Of course, it won’t matter, even if the bill does manage somehow to pass. Obama will just defy it if he wants to and take the funds from elsewhere. But the more Democrats in the Senate he pisses off, the more likely it is that some day he could be impeached in the House and convicted through the votes of Democratic senators joining Republicans to do so. I am not saying this has any sort of likelihood of happening, of course; the possibility is remote as well. But that would be the route by which it at least theoretically could happen.
Members of Congress don’t like to find out they’re just figurehead puppets to this president. But if they don’t want to be considered puppets, they’d do well not act to like puppets. Tyrants usually work their way into greater power by getting a legislature to vote away some of its power (see the Enabling Act, or the history of Hugo Chavez, for example) under the guise of crisis. So far Obama has dispensed with that step. He figures he can accomplish the same thing without it.
[NOTE: Egad.
I guess Congress is always the last to know.]
Impeaching the President would be surest way for Republicans to piss away the 2016 election.
Dave Miller:
Not if there is strong bipartisan support for conviction. That is the only circumstance under which I would ever recommend it. Impeachment without conviction is worse than futile.
“It strikes me as unfortunate” that we have
Rep. Greg Walden of Oregon as a member of the House of Representatives Republican leadership.
Leadership, my ass.
The Waldens, the Ryans, the Cantors are all wonderful Leaders From Behind.
As to impeach/convict, forget about it, do, even if there’s bipartisan sentiment for conviction. Cutting one head off a many-headed Hydra accomplishes nothing. Impeachment was designed to deal with a solitary rogue, a wannabe King, not an entire Administration.
Didn’t we have the chain of succession posted here recently? It will make your blood run cold.
I wonder how significant the anti-Clinton wing of the Democrats is. Removing Obama before the last year of his term would put Biden (shudder) in a stronger position to stop Hillary! ™.
The administration is going to experience more and more “insiders” starting to jump ship. As in the case of this from National Journal – “The email hit my in-box at 9:41 p.m. last Wednesday. From one of the most powerful Democrats in Washington, a close adviser to the White House, the missive amounted to an electronic eye roll. “Even I have had enough.”

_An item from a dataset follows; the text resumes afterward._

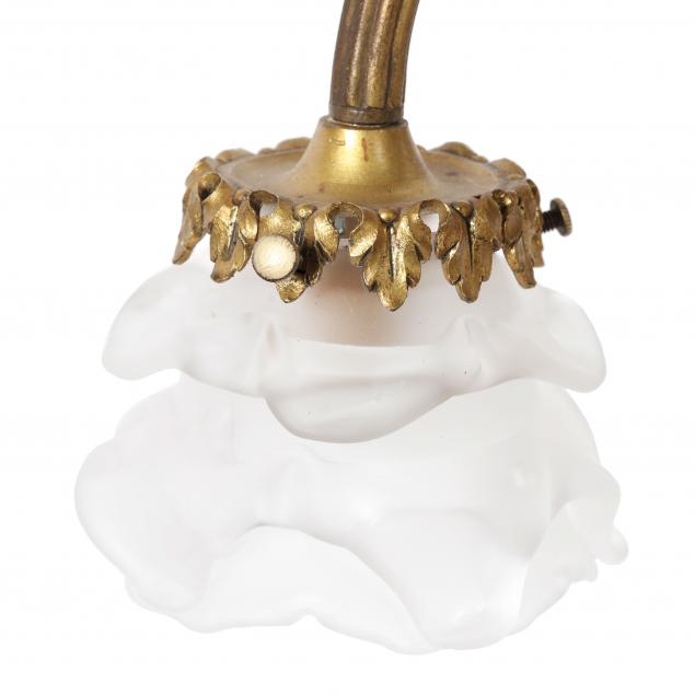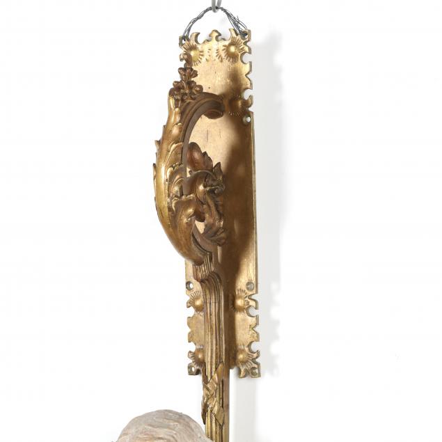 Early 20th century, scroll and acanthus leaf form three-light sconces with terra-cotta mounted figures, with frosted glass flame shades, appears unmarked.

I once knew a political operative. He worked for Reagan. But he had worked for other Republicans before that and went on to work for George H.W. Bush. People like him live and breathe politics. It’s their life, and in most cases, their religion. When an administration is coming up on its last two years, they must begin to look for new jobs for the years ahead. If the administration is in trouble, they get cold feet fairly easily. They don’t want to be stuck on a leaky boat and will start to look for new allies or new boats to ride in. It’s an uncertain life and requires a good deal of reptilian instincts. That’s why they are so, well, reptilian in manner.
We’ll probably see more “insiders” beginning to abandon this leaky boat. This administration is not going to get any better. If it was a stock, I’d short it. The question is, are we headed for an Argentinian type crisis, or is Obama another Mugabe?
So there is one thing that Obama and I agree on; I don’t trust Congress either.
And Eric Cantor loses to a political novice in the VA 7 primary.
When you are not constrained by law and/or conscience, what difference does it make? The dinosaur media will not say a word, and the rest of us are just “right-wing” nut cases. What would restrain Hillary if she is elected? NOTHING!!!